In the Roald Dahl book The BFG, a “Big Friendly Giant” spends his time blowing happy dreams into children that he has collected from Dream Country. In modern neuroscience labs, some researchers are now working to “blow” dreams into people, collecting them via high-tech ”Dream Country” of sorts: virtual reality (VR). They are using VR to create experiences while people are awake that they hope can then influence their sleeping lives and in turn feed back into their waking lives in a positive way.
“If dreams can amplify certain aspects of our waking moments, we can then create experiences surrounding the very values, emotions, or concepts that we may want to amplify when we are dreaming,” says Blaise Elliott, who presented this work in a poster at CNS 2024 in Toronto. “Using this technology as a tool to enhance our relationship with dreaming may allow us to also enhance our relationship with different aspects of ourselves, experiences, and ultimately the world around us.”
Working in Ken Paller’s cognitive neuroscience lab at Northwestern University, Elliott and colleagues are building on past work that aims to understand and manipulate sleep in novel ways. In their studies, VR is one tool that is enabling them to train participants in lucid dreaming, which can enable people to take more control over their dreams. I spoke with Elliott about this latest work presented at CNS 2024 and its significance, as well as what he sees as the future of dream research.
CNS: What got you each first interested in studying dreams?
Elliott: Interesting enough, it was art! The film Inception, produced by Christopher Nolan, inspired me during my senior year of high school to want to study the cognitive sciences due to the plot’s engagement with the intricacy of human cognition and its contributions toward creating our perceptual realities. The film shifted my curiosity about what may be possible. I was intrigued by the plot’s notion that an idea can possibly be implanted and thus amplified by using dreaming as a tool.

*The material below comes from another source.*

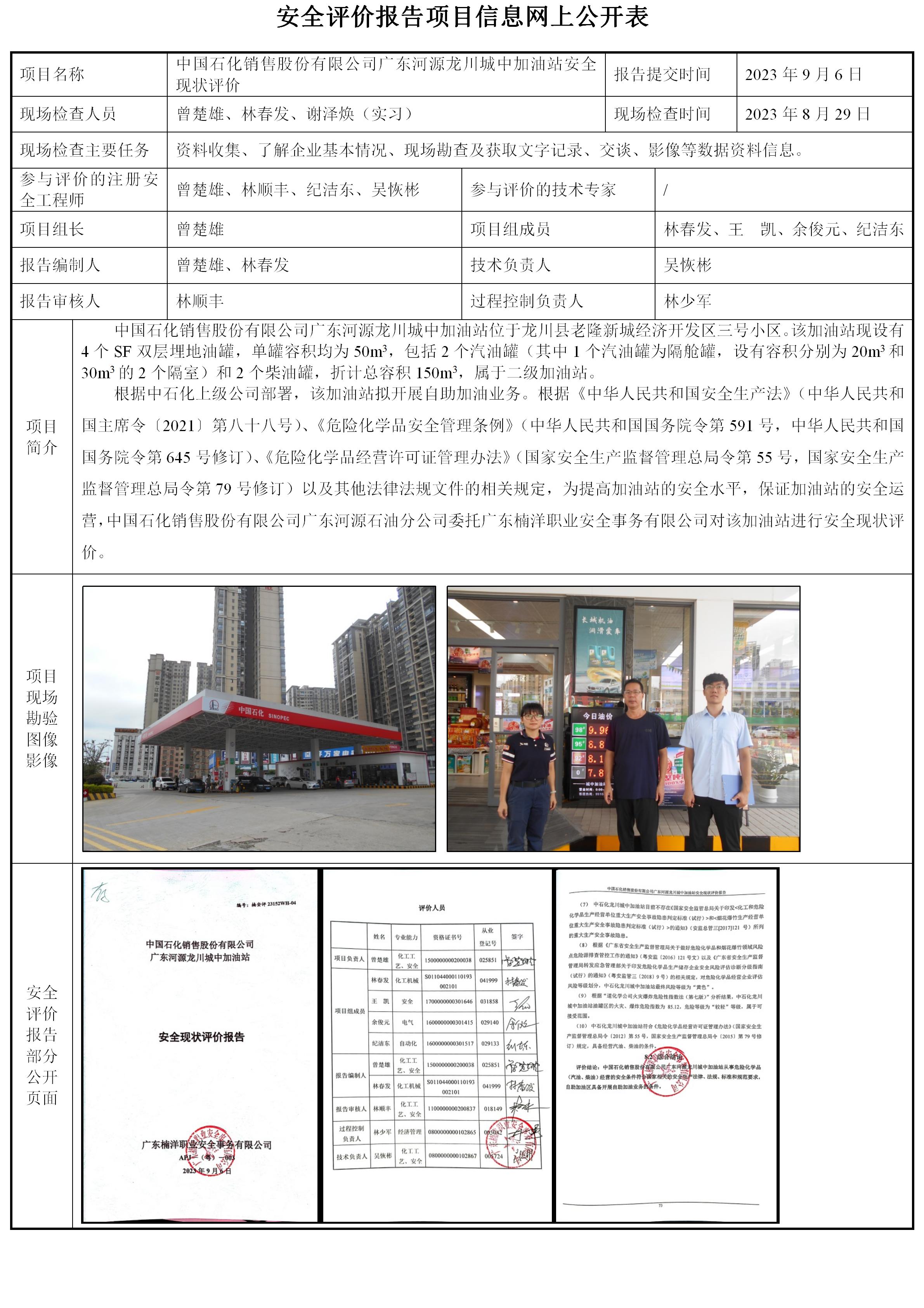 中国石化销售股份有限公司广东河源龙川城中加油站安全现状评价

Dreaming is so mysterious, but also pretty enlightening. It is a world that infuses a variety of worlds, both conscious and unconscious experiences as well as internal and external experiences that may uniquely speak to you and you only. In essence, dreaming seemed like a gateway to understanding ourselves and our own conceptions of the world in an infinitely expansive way. How beautiful.
CNS: What makes virtual reality a promising technology for exploring dreams?
Elliott: Many of our dreams are impacted or influenced by our waking moments, particularly waking moments that are deeply resonating. The promising thing about virtual reality is that we have the opportunity to control particular periods of our waking moments by intentionally creating the experiences we want to create, most especially experiences that may not be accessible to us in our day to day lives.
CNS: What were you most excited to find in your research?
Elliott: We successfully had 4 out of 5 of our participants specifically had lucid dreams about a previous and resonating VR experience! It was exciting to see that a VR program, shown to have ego attenuating [reducing ego to increase a sense of connectedness] effects, robustly influence our participants’ dream content. What I’m most surprised about however, is that our participants mentioned that this influenced their subsequent waking moments after dreaming.
CNS: What do you each see as the future of dream research?
Elliott: It would be lovely to witness dream research tackling how dream content may influence our relationship to the future, how we may behaviorally develop in the future, or what we may anticipate about the future. The “future” as a concept can be fragile, as how we conceptualize the future is often a reflection of current events. However, I think that is why it is so important. People have admitted to anticipating future events in their dreams, and I can’t help but to think about how that may further influence their development and their understanding of the present. It could lead to new ways in how we understand identity development and so much more.
CNS: What did you think of CNS 2024?
Elliott: It was my first time at CNS, and I thought it was beautiful. Everybody has a different way of expressing their interests and passions. Witnessing so many people express their excitement in ways that were unique to them was a great reminder that there isn’t one way to be a scientist, or one way to think about and express concepts.